3 Crucial Ways AI Can Assist Battery Development

Artificial intelligence has been changing how the world works for many years now. From algorithms that optimize production, to voice activated virtual assistants on a smartphone or smart speaker, AI is able to optimize and automate processes to make them more efficient and productive. How can AI improve battery research and development? Here are three ways AI is set to revolutionize how batteries are tested and developed.

AI can speed up testing by 98%

Batteries are traditionally tested through repeated charge/discharge cycles. This allows researchers to see how battery performance deteriorates over time. However, it can take months for sufficient data to be collected for accurate predictions. This adds a lot of extra time to the testing process.

With AI, this process can speed up significantly. A joint research project between Stanford, MIT, and the Toyota Research Institute used AI to predict the life cycle of a battery. Using a few hundred million data points, researchers trained their AI to predict how many more cycles each battery would last. The AI was able to predict, within 9%, the number of cycles the cell eventually lasted. The machine could accomplish this just based on voltage declines and other factors in the first 100 charging cycles. Based on just the first five cycles, it was also able to predict whether the cell had a long or short battery life, with 95% accuracy. The AI was able to pick up patterns in the battery’s performance, much better than a human can manually.

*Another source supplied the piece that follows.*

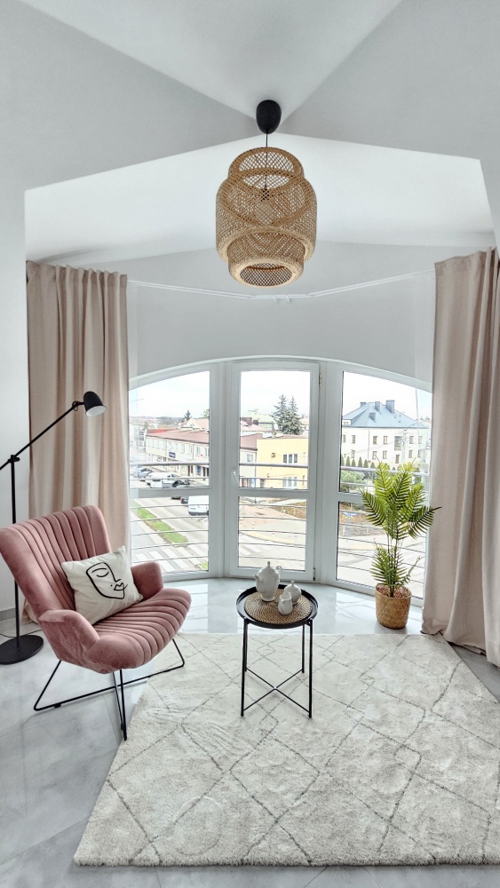 • bardzo słoneczny salon z dużym oknem i otwartym widokiem

The same team used this technology to find an optimized fast charging protocol. In this experiment, the researchers were able to find the best charging protocol for a battery chemistry, reducing a process that could usually take up to two years, to only 16 days. The AI was trained on data of battery failures, and, learning from this, was able to quickly determine the best protocols to test. Since there are many different ways to charge the same battery, the AI was able to predict how battery chemistry would react to a certain charging method, eliminate the ones most likely to fail, and test the ones most likely to succeed. With this, the AI offered researchers a simple protocol that they themselves would not have predicted. Not only does AI reduce the time it takes to get valuable results, it is able to think and solve problems in ways that people may not think of themselves, truly providing optimal solutions.

AI can help to better understand battery degradation

In a similar project, researchers from Cambridge and Newcastle Universities made use of a machine learning algorithm to not only predict battery health, but also detect and track patterns of degradation.

The research team developed a non-invasive way to monitor battery performance by sending electrical pulses at various levels of frequency into the cell and measuring the current at each frequency. These responses are processed by an AI trained with over twenty thousand measurements; the machine can determine which responses indicate battery degradation, and those that are irrelevant noise. The same strategy can be used on different battery chemistries and this data gives researchers a starting point to conduct experiments as to how and what causes battery degradation.

AI can comb through material databases

Another ingenious way AI is being used is in materials research. There are hundreds of thousands of molecules that could be viable candidates for a battery and the team at the US Department of Energy’s Joint Center for Energy Storage Research makes use of AI to find the best one.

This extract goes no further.